Paul D. Thacker is a journalist and former U.S. Senate staffer who first drafted the Physician Payments Sunshine Act. Trudo Lemmens is professor and Scholl Chair in Health Law and Policy at the University of Toronto's Faculty of Law and the Dalla Lana School of Public Health. The authors provided unpaid expertise to the Ministry of Health on the transparency bill
Ontario's Health Minister Eric Hoskins should be lauded for his proposed transparency law that will require medical companies to disclose payments to health-care providers. Physicians, such as Dr. Hoskins, are often shunned by colleagues for putting a spotlight on problematic practices in health care. We count on Dr. Hoskins' colleagues and other health-care providers to work with him to strengthen the integrity of the health professions, to shine a light on practices that damage health care, and to restore patients' trust. To be clear, this legislation is only an important first step.
Commentators continue pointing to North America's opioid crisis as a reason transparency laws are needed, and rightly so. An award-winning investigation last year by the Associated Press found that drug companies spent years funding doctors, medical societies, think tanks and experts to manufacture a narrative that pain was under-treated and that new patented opioids were safer than others. This orchestrated advertising disguised as medical advice helped fuel the current opioid epidemic. But as the opioid death toll mounted, and experts began warning that prescribing was out of control, the pharmaceutical industry employed another tactic: A new group called Advocates for Opioid Recovery began publishing op-eds and providing interviews to push for opioid addiction treatment. Their solution? More medications. But when a reporter began questioning its funding and ties to drug makers, the group went quiet.
Evidence shows that complex and overlapping tactics to promote health-care products are not new. Some years back, the U.S. Congress released a confidential copy of Forest Laboratories' 2004 marketing plan for a new antidepressant. The company's tactics included spending $34.7-million (U.S.) to pay 2,000 doctors to make 15,000 marketing lectures. The company also projected spending $36-million (U.S.) on lunches dropped off by sales people at doctors' offices. "Providing lunch for a physician creates an extended amount of selling time for representatives," the company's marketers wrote. This was only the money spent by one company, for one drug, and for only one year. Many similar marketing tactics have been documented in the media and in the medical literature.
Transparency of gifts, payments or other benefits to doctors will not be enough. Even health-care providers who choose to keep the industry at arm's length cannot escape influence, which is why the health-care professions should support a broad regulatory framework. For example, there is overwhelming evidence that many articles on new drugs and medical devices in leading medical journals are ghostwritten by product manufacturers. These articles influence prescription behaviour and professional guidelines. Industry payments further influence doctors' continuing education, finance think tanks and professional societies, and help select speakers at medical conferences. Health-care providers do not have the time in their day to unravel these complex ways that companies seek to influence them. That's why the money funding these practices needs to be brought to light, so that they can be studied and analyzed by media, civil society and policy analysts.
We hope that Ontario will also impose transparency on payments to marketing companies, professional societies, companies that provide education, and patient advocacy groups. Health-care providers should know if a company paid to write a medical article, funds a group they might join, or helps pay for a speaker at a conference or meeting. And we all need to know if a patient advocate extolling the benefits of a drug or medical device and pushing for getting a drug approved or funded is secretly receiving money from a company.

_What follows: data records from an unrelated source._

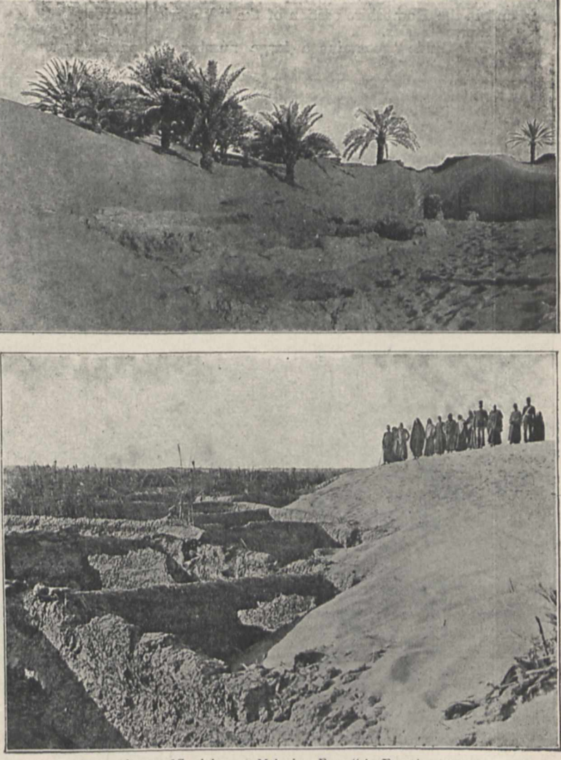
Encroachment of Sand-dunes at Meheriq. From "An Egyptian Oasis."

Persian rule, Cambyses sent an ill-equipped expedition to conquer the oases, but the whole army of 50,000 men, probably through the treachery of guides, perished miserably in the desert. The Romans long held sway in the oases, and many of the most remarkable of the monuments of the district must be referred to the period of their rule. The work before us indicates the great numbers of objects of archæological interest which are found in the district, including many Græco-Roman temples and a wonderful early-Christian necropolis, as well as very early
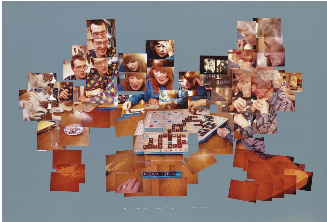
David Hockney The Scrabble Game, Jan. 1 1983 1983
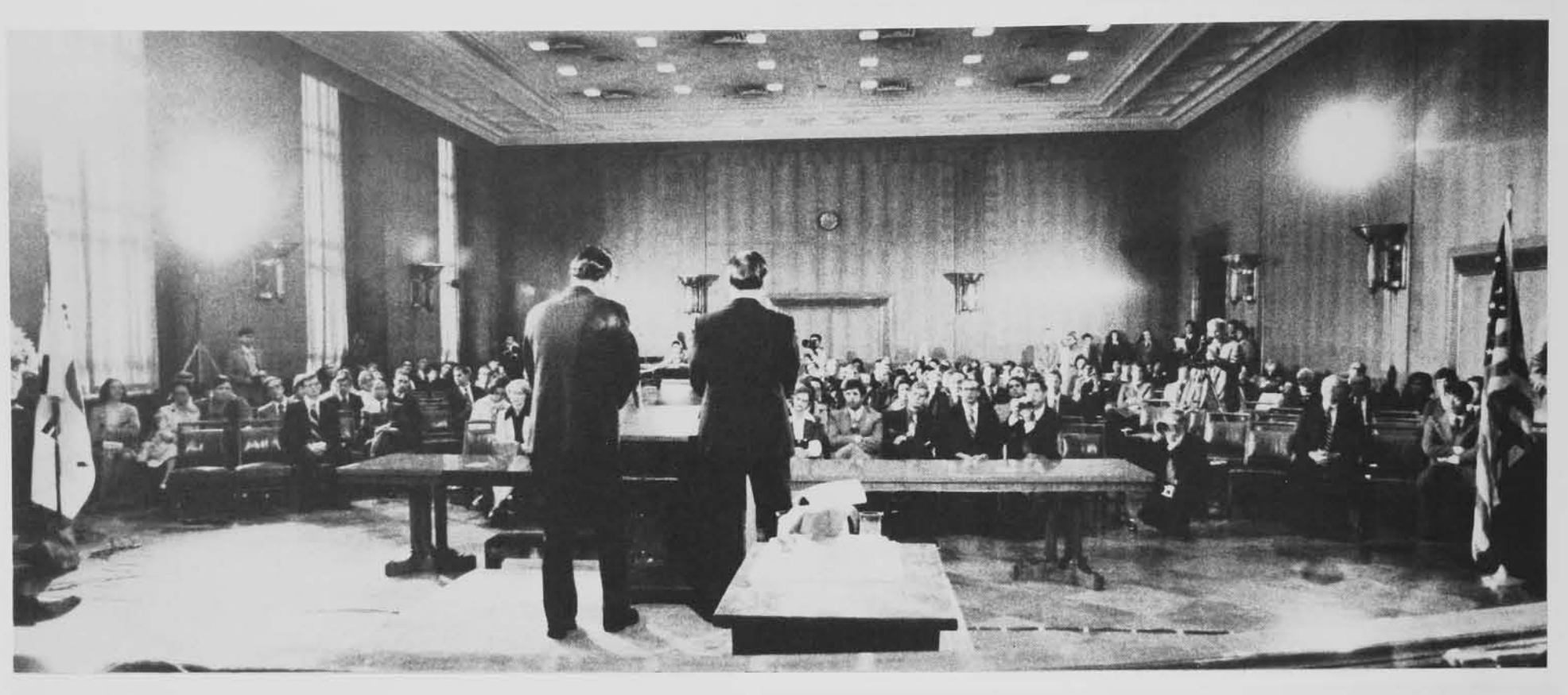
'Sermon on the Hill'
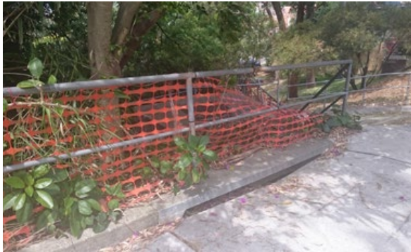
Temporary fencing and webbing.
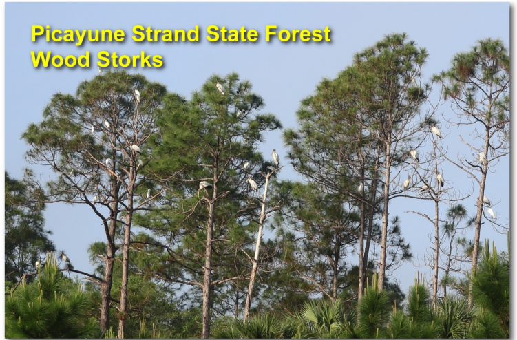
Picayune Strand State Forest Wood Storks

Mere transparency will not be enough, and along with the website reporting these payments, Ontario should consider programs to educate both patients and physicians. In one study, researchers reported that 74 per cent of patients believe receiving money influences how doctors treat patients and that 57 per cent would look up their doctor's payments if they were public; 51 per cent of patients would be less likely to choose a doctor taking money. However, in another study, researchers sent patients information about their doctor's financial ties with industry, and very few said it changed their opinion about their doctor. None chose to find a new physician. Doctors show similar erratic opinions. One study revealed that many physicians believed industry gifts would influence their colleagues, while denying such gifts could influence them.
Yet, there is ample evidence that payments do influence physicians. A recent analysis found that the more money doctors receive from drug companies, the more brand-name drugs they prescribe. Even something as small as a lunch has been shown to make a difference.
Broad transparency will enable further study, help educate physicians and patients and provide a basis for new legislative and regulatory intervention. Indeed, the more we learn from the countries that have introduced transparency rules, the clearer it becomes that we will also need prohibitions and restrictions.
For all these reasons, Ontario's initiative is to be lauded. It should, however, be bold and comprehensive, and be seen as a first step. And others should follow suit. The federal government has no reason to take a wait-and-see approach when it comes to strengthening the integrity of health care.